For what it’s worth, independent restaurants have long faced similar issues obtaining financing from traditional sources. (Their difficulties navigating the Paycheck Protection Program is just one example.) In response, technology providers like DoorDash and Toast have begun expanding their offerings to include financial products like cash advances. and loans.

Ghost Financial is the latest to join this pool, with a particular focus on ghost kitchens, although it said it would also work with restaurants. And while that might be a tempting lifeline for start-up restaurants, it makes me a little nervous. Ghost kitchens are meant to complement existing restaurants. If yours is losing money or you need to take out a loan to open one, you might want to rethink the idea entirely.

Landed has raised $7 million for its hiring technology. Landed’s app automates the process of recruiting restaurants and workers. It has grown rapidly over the past year, he said, increasing its revenue more than 20 times since the start of 2021. More than 150,000 workers and hundreds of restaurants use its app, according to the ‘business. He plans to use the new capital to add more users and develop new products. The seed funding was led by Javelin Venture Partners and Blockchain Capital.

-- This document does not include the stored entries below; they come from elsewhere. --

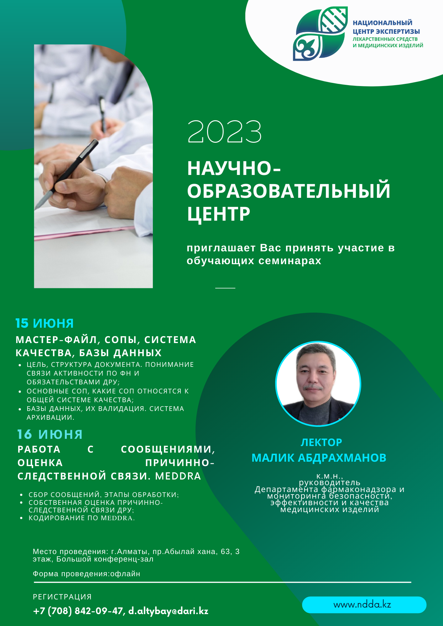 03.06.2023Научно-образовательный центр РГП на ПХВ «Национальный центр экспертизы лекарственных средств и медицинских изделий» КМ и ФК МЗ РК 15-16 июняприглашает принять участие в обучающих семинарах к.м.н., руководителя Департамента фармаконадзора и мониторинга безопасности, эффективности качества медицинских изделий Малика Абдрахманова.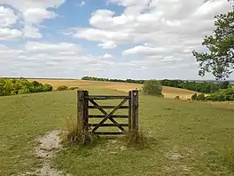 ![]() Gate with Hertfordshire Way sign, Therfield Heath | |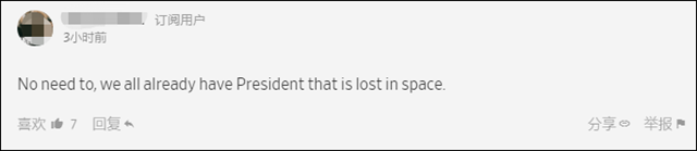 “沒必要,我們的總統已經迷失在太空裏了。”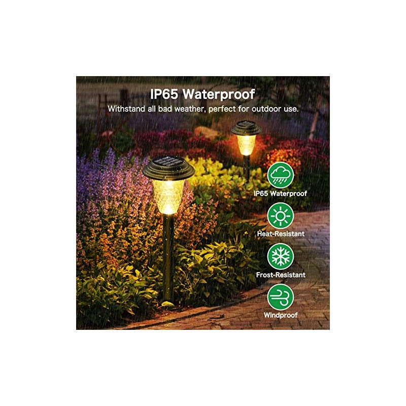 - ☀【Weather-resistant & Longer Lasting】: The solar yard lights use more advanced sealing and IP65 waterproof tech. No worries about rain, snow, frost, or high temperature. Corrosion-resistant ABS and high-quality plastic can ensure the long-lasting life and durability of solar lawn lights. Solar lights outdoor waterproof can withstand all kinds of weather for multi-season solar landscape lighting and outdoor decorations.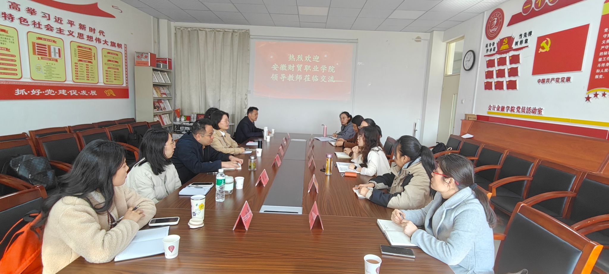 本站讯 为深化职业教育教学改革,推动会计金融类专业高质量发展,4月2日,安徽财贸职业学院财会金融学院副院长宋鹤年、孙敬平及各专业负责人来我校调研交流,会计金融学院院长付晓、副院长邹婷、姜力琳及各专业负责人参与交流。双方围绕“技能竞赛经验分享”“产教融合实践探索”和“专业人才培养方案优化”三大主题展开深入研讨,旨在互学互鉴、共谋发展。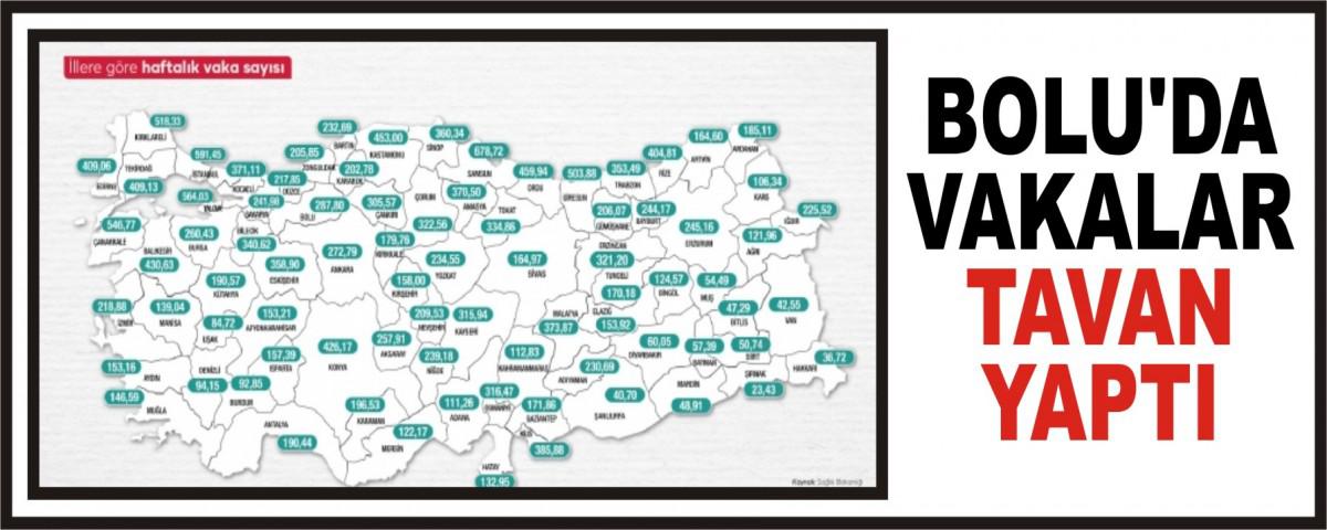 Geçtiğimiz hafta açıklanan verilere göre Bolu'da görülen korkunç artış hızla devam ediyor. Bolu'da 20-26 Mart arasında her 100 bin kişide 183,61 olan vaka sayısı27 Mart-2 Nisan arasında 287,80 oldu.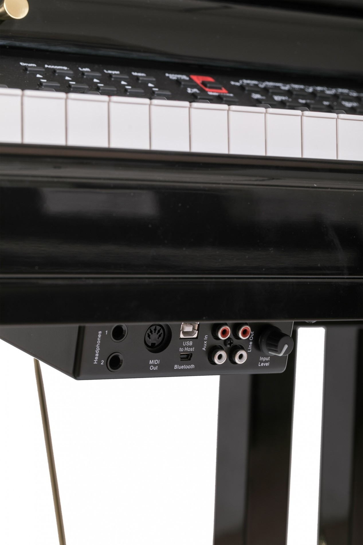 - · Наложение тембров, разделение клавиатуры, автоаккомпанемент, режим Duet, транспонирование, метроном, Bluetooth, USB-MIDI, линейный вход и линейный выход, 2 выхода на наушники, тройная педаль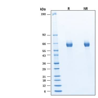 2 μg/lane of Recombinant Human Osteopontin/OPN-a His-tag Protein (Catalog # 11437-OP) was resolved with SDS-PAGE under reducing (R) and non-reducing (NR) conditions and visualized by Coomassie® Blue staining, showing bands at 60-66 kDa, under reducing conditions.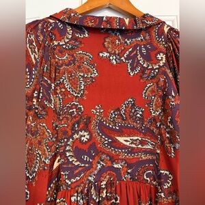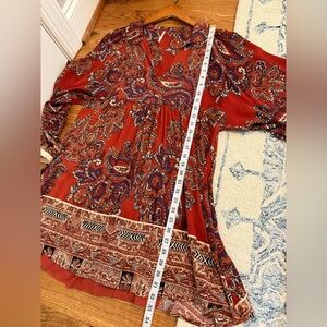Free People Say You Love Me Mini Dress M Orange Paisley Boho Long Sleeve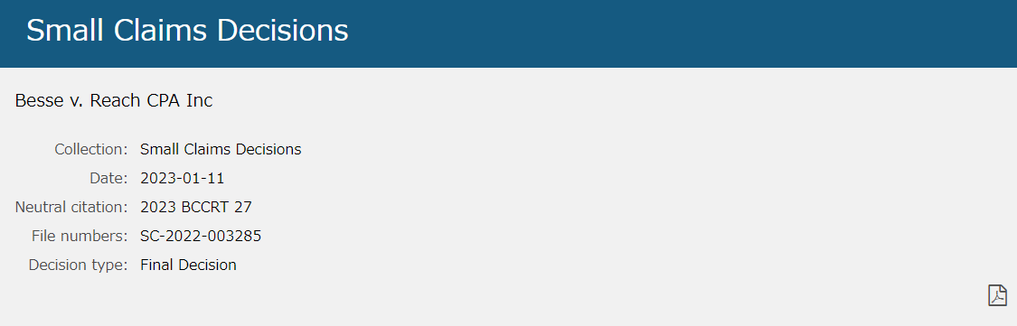 カナダのブリティッシュ・コロンビア州に本社を置く会計事務所リーチCPAで働いていた女性が解雇後に支払いを求めて会社を訴えたところ、盛大なブーメランが返ってきた。

DoorDash offers a special subscription program for college students. DashPass for Students offers unlimited free shipping and other perks for $4.99 per month, half the price of a regular subscription. According to the company, students are heavy users of delivery: 70% of them order from a third-party supplier in a typical week, an average of four times a week. This should help DoorDash increase its coveted subscriber base. The company said DashPass members order more food more often.

Virtual Dining Concepts unveiled a new virtual brand featuring celebrity chef Robert Irvine. Robert Irvine’s American Heroes will be offering hot and cold hero sandwiches as well as sides and brownies for delivery only. A portion of the proceeds will benefit The Chief’s Robert Irvine Foundation which supports military service members. Restaurants can partner with Virtual Dining Concepts and prepare the brand from existing kitchens. It is the company’s thirteenth brand, joining MrBeast Burger, Barstool Bites and others.

Nextbite has hired a concept director. Lara Hoyem spent nearly 15 years at Shutterfly, where she most recently managed the company’s photo book line. She will bring this digital commerce experience to the virtual brand provider, leading the development of new brands, consumer marketing and other strategies. She is the latest addition to Nextbite’s growing leadership team.

GoTab has hired its first CFO. Mike Dunn joins technology provider from software company Cadmium, where he served as CFO for two years. He has held the same title at several technology companies over the past 17 years. At GoTab, he will be responsible for helping scale the business and managing relationships with financial partners. GoTab offers mobile ordering and payment tools.

PopID is working with Visa to enable pay-per-face technology in the Middle East. Under the partnership, banks can join the PopID facial recognition platform and allow customers to link their facial biometrics to their debit or credit cards. Cafe chain Costa Coffee is among the operations considering starting to use the technology. PopID said the technology speeds throughput and increases check average while providing a social distancing friendly payment option.